At school, when I didn’t have cafeteria duty, I would eat my lunch in the library with other teachers and volunteers. One day, a parent volunteer told me her father had died and left a coin collection that she and her siblings probably wanted to sell. I arranged to look at it at her house.

When I arrived, I could see it was a simple collection, all housed in cheap Whitman folders. Aside from a few gold coins, there was very little of interest. I examined the coins quickly — there wasn’t even a proper light — and made her an offer. Even without the gold coins it came to several hundred dollars because silver was so high.

Weeks went by and the family couldn’t make up its mind about selling. Finally, on the day that I was leaving South Florida (to move to Virginia), when I had a Ryder truck fully packed in my carport, and was on the floor eating dinner with my family, she called. They were ready to sell the collection, but without the gold coins.

I rushed over to her house and wrote her a check. I didn’t even have time to look over the coins again — just put the folders in my briefcase and left. Very early the next morning we headed north.

It probably was several months before I got the chance to work up the collection.
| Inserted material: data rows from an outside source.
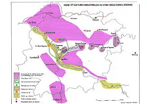 La vigne couvre plus de 8 000 ha, livre près de 400 000 hl ce qui représente près de 5 % du chiffre d’affaires de l’agriculture départementale, soit sensiblement la même chose que le blé. Grâce aux efforts des viticulteurs locaux la vigne et le vin entrent dans une production de qualité bénéficiant du label AOC (Appellation d’origine contrôlée). Trois zones dominent tant pour les superficies que pour les quantités : le pays de Duras, les côtes du Marmandais (Beaupuy et Cocumont) et, surtout, le vignoble de Buzet. Toutes ont en commun d’être animées par des caves coopératives qui ont su faire progresser la qualité, ouvrir de nouveaux débouchés, mais sont soumises à une vive concurrence. Ainsi, celles de Cocumont et Marmande ont dû fusionner et opérer des restructurations douloureuses. Dernières arrivées en tant qu'AOC (depuis le ) : les côtes de Brulhois, cette appellation étant partagée avec le Tarn-et-Garonne et une petite partie du Gers.
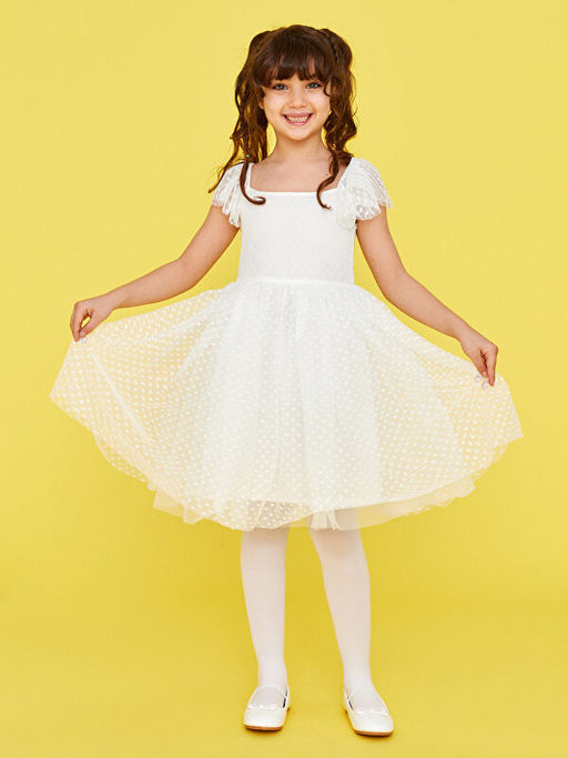 Kare Yaka Kendinden Desenli K?sa Kollu K?z ?ocuk Elbise
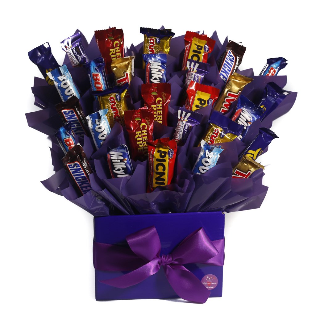 If you’re after something big and impressive, this is the one. This extra-large chocolate bouquet is filled with a generous selection of popular favourites, featuring a mix of Cadbury, Mars and Nestlé fun size chocolates that everyone will love. Standing at approximately 40cm tall, it also comes with a complimentary message card to complete your gift.
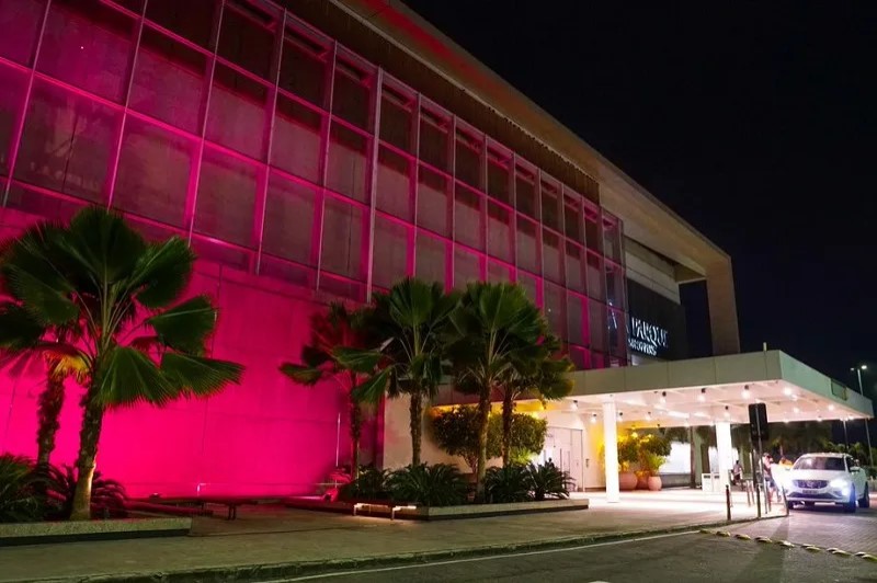 Durante a ação, a Fachada do shopping recebe iluminação especial
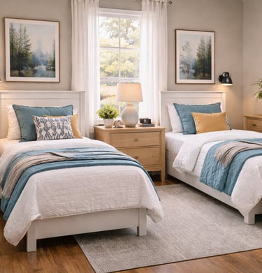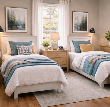 Our shared bedrooms provide a comfortable and peaceful living space designed for rest and privacy. Each room includes twin beds, cozy bedding, and thoughtfully arranged furnishings that create a calm environment where residents can relax and feel at home.

I noticed several Mercury dimes that were actually uncirculated, though I had figured them for AU. By itself this was no big deal.

Even the AU’s were worth $11 each (today it is more like $1), but there were two 1945-P’s that were well struck in the center.

Normally this issue comes without any detail in the middle of the reverse. Whereas most late-date Mercs display a horizontal line across the pole, the 1945 dimes from the Philadelphia Mint are completely flat. At the time, 1945-P dimes with so-called “full split bands” were listed at $2,000 each in MS65 condition. In fact, this dime with full bands was so rare that few dealers had ever seen one. Certainly I hadn’t.

I carefully put them in holders and brought them to the next show — at the Sheraton Hotel in Lanham, Md. In those days, this was an important show and all the “big boys” were there. As soon as I got the chance I showed them to Steve Ivy, today one of the principal owners of Heritage.

1945fbSteve conferred with his people and after a few minutes decided he wasn’t interested. “Not high enough grade,” he said. “We only deal with gem material.”

“Surely, they have value,” I said, surprised that he had passed.

“Yes,” he agreed. “They are rare, just not for us.”

I didn’t know what to do next. I realized they were not gems and didn’t know how much they might be worth or who might be interested.

The following day I became friendly with a dealer from Michigan who had the table to my right. It turned out that he had some very high-powered clients and was intrigued by my two dimes. He was a little suspicious of the “bands,” however, and wanted to show them to a few friends to make sure they were not re-engraved.

“Go ahead,” I said. I knew where they had come from and wasn’t concerned about their authenticity.

A little while later he came back and we made a deal. My dimes for a nice uncirculated $20 gold piece.

I don’t know if he sold the dimes, but the other day, 20 years later, I noticed the gold piece in my safe deposit box.